The data was paid for with Stop Titan funding and looks at projected adverse health effects from May to September, when ozone formation is already at its peak.
Geoff Gisler is the staff attorney for the Southern Environmental Law Center.
“There would be 530 incidents of people having respiratory problems—asthma attacks, those sorts of things. There would be 160 kids that would have to stay home from school or have to miss camp in the summer.”
After last week’s presentation, Titan America released its response to the study, including a handful of objections. First, the company notes that the study uses the plant’s maximum potential to emit listed in Titan’s draft air permit with the Division of Air Quality or DAQ.
Carolinas Cement General Manager Bob Odom says that the maximum amount isn’t an accurate depiction of what the plant’s emission levels will actually be.
“We could be down a month, a couple of weeks here, a couple of weeks there, to pull maintenance on the plant. And also, if the economy is not as strong, like it’s not strong right now, the plant may not be running full time either.”

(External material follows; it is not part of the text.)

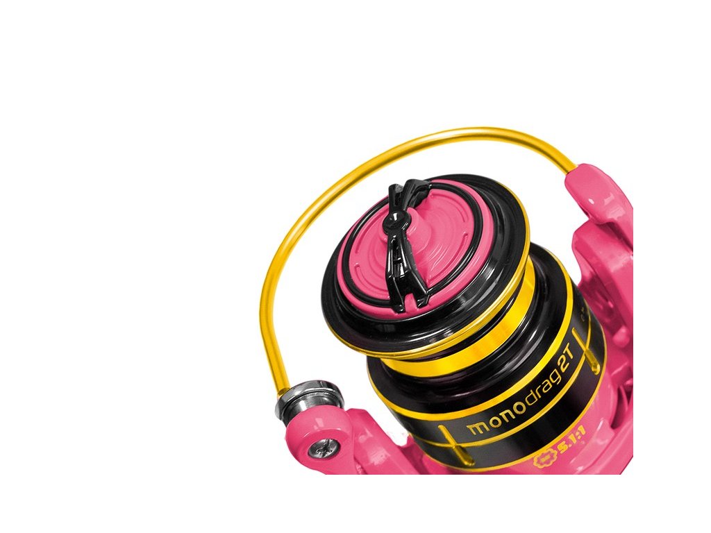 Naviják od společnosti Delphin, na který netrpělivě čekaly zejména fanynky produktů ze série QUEEN. Tak jak je charakteristické pro tuto řadu určenou něžnému pohlaví, i QUEEN MonoDRAG je nezaměnitelný díky své růžové barvě. Ta je však v tomto případě velmi pohledně kombinovaná se zlatými a černými doplňky. Samotný chod navijáku je velmi hladký a plynulý, na čemž má nepochybně největší zásluhu mechanismus s ideálním převodovým poměrem 5.1:1 a soustava 5+1 kuličkových ložisek. Pevné tělo zaručuje vynikající odolnost a dlouhou životnost navijáku. Pogumovaná rukojeť na klice dokonale sedne mezi prsty a umožňuje pohodlnou manipulaci během lovu. Výhodou je také odhozová hrana na kovové cívce, díky které budou vaše hody nejen přesnější, ale také o něco delší. Za účelem maximálně přesných hodů je možné využít také kovový klip na uchycení vlasce. Citlivá brzda disponuje dostatečně velkou silou potřebnou k zastavení unikající ryby. QUEEN MonoDRAG je vyráběn ve velikostech 2T a 3T a nepochybně bude skvostem výbavy každé rybářky. Technické parametry: Model: Delphin QUEEN MonoDRAG 2T Kapacita navijáku mm / m: 0.14 / 200, 0.16 / 155, 0.18 / 130 Převodový poměr: 5.1:1 Počet ložisek: 5+1 Hmotnost: 250g Model: Delphin QUEEN MonoDRAG 3T Kapacita navijáku mm / m: Převodový poměr: 5.1:1 Počet ložisek: 5+1 Hmotnost: 284gDoplňkové parametry
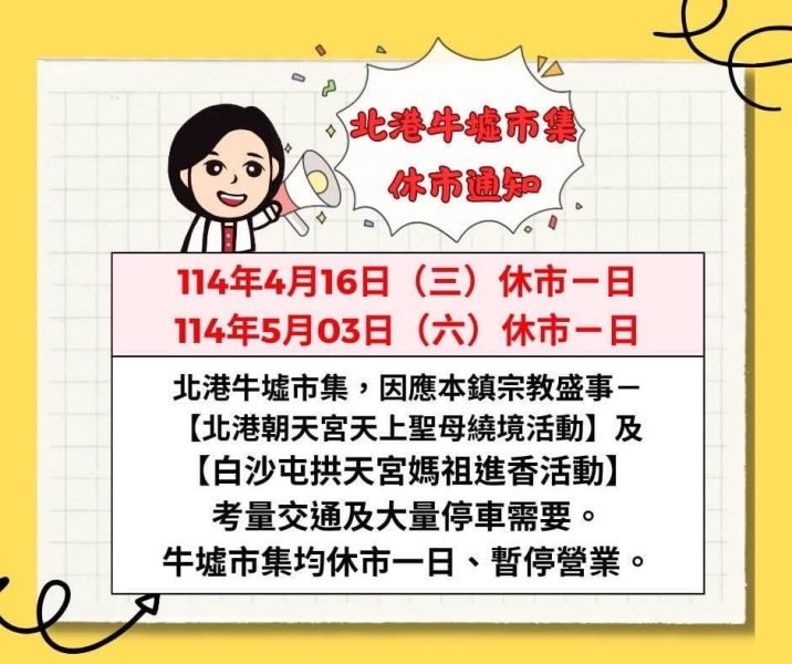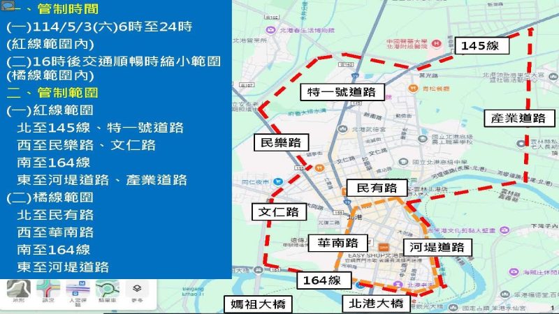 五月三日上午六時起至下午廿四時止,北港市區劃定為管制區,禁止車輛進入。下午四時起視交通狀況縮小管制範圍至朝天宮周邊區域。民眾請依員警指揮,將車輛停放於外圍停車場,再步行前往參香。

Gisler says if Titan did list higher levels than what the company expects to emit annually, then the draft air permit is illegal because it violates the Clean Air Act.
But DAQ Spokesperson Tom Mather says that’s simply not the case and having Titan list its maximum is standard practice for the agency.
“Typically, the levels that would be potentially allowed in a permit are much higher than actual emissions. And that’s true of any facility across the state.”
Mather also points out that the DAQ doesn’t evaluate permit applications based on projected healthcare costs; the agency uses federal guidelines from the EPA specifying emission limits.
Another area of contention involves whether or not the ICF International study was peer-reviewed. Odom, with Carolinas Cement, says outside experts should have been consulted, while Gisler, with the Southern Environmental Law Center, says the study uses peer-reviewed data models approved by the EPA.
“That there wasn’t an external peer review of the numbers is really a tangent because the models themselves have been extensively peer-reviewed. So, it’s a distraction.”
Odom and Gisler are also divided on whether the study should have considered possible upcoming changes at other polluting companies in the area since the EPA lowered its limits on sulfur dioxide emissions in 2010.
New Hanover County is still waiting to hear from the federal agency regarding its attainment status of those new limits. Bob Odom:
“The report did not account for reductions in emissions due to proposed changes in existing sources, also. Because the rules are tightening up, people who are here already are going to have to make changes to come into compliance with new rules coming down the pike.”
With the county’s attainment status under scrutiny, Gisler says that any additional emissions would be disconcerting.
So, what’s to come of all this? What’s next in this more than three-year community debate on whether or not Titan should set up shop?
Geoff Gisler: “What we’re hoping to do is help policymakers make decisions—there are still decisions that have to be made at the local and state level. You know, we hope it will inform the public and spark a real discussion about whether or not those health effects are acceptable.”
And Bob Odom: “The goal is to hire as many people from this area as possible, and we’ll be paying taxes. But, we will meet all the rules and regulations and once we’re here, people are going to say, ‘We don’t even know you’re here.’”
As company officials and Stop Titan organizers continue to hash out their opposing views, both sides are waiting to hear a final verdict on the company’s state air permit application. If that green light comes through, work will begin on another batch of permits with the Army Corps of Engineers.
Word from the state DAQ could come any day now.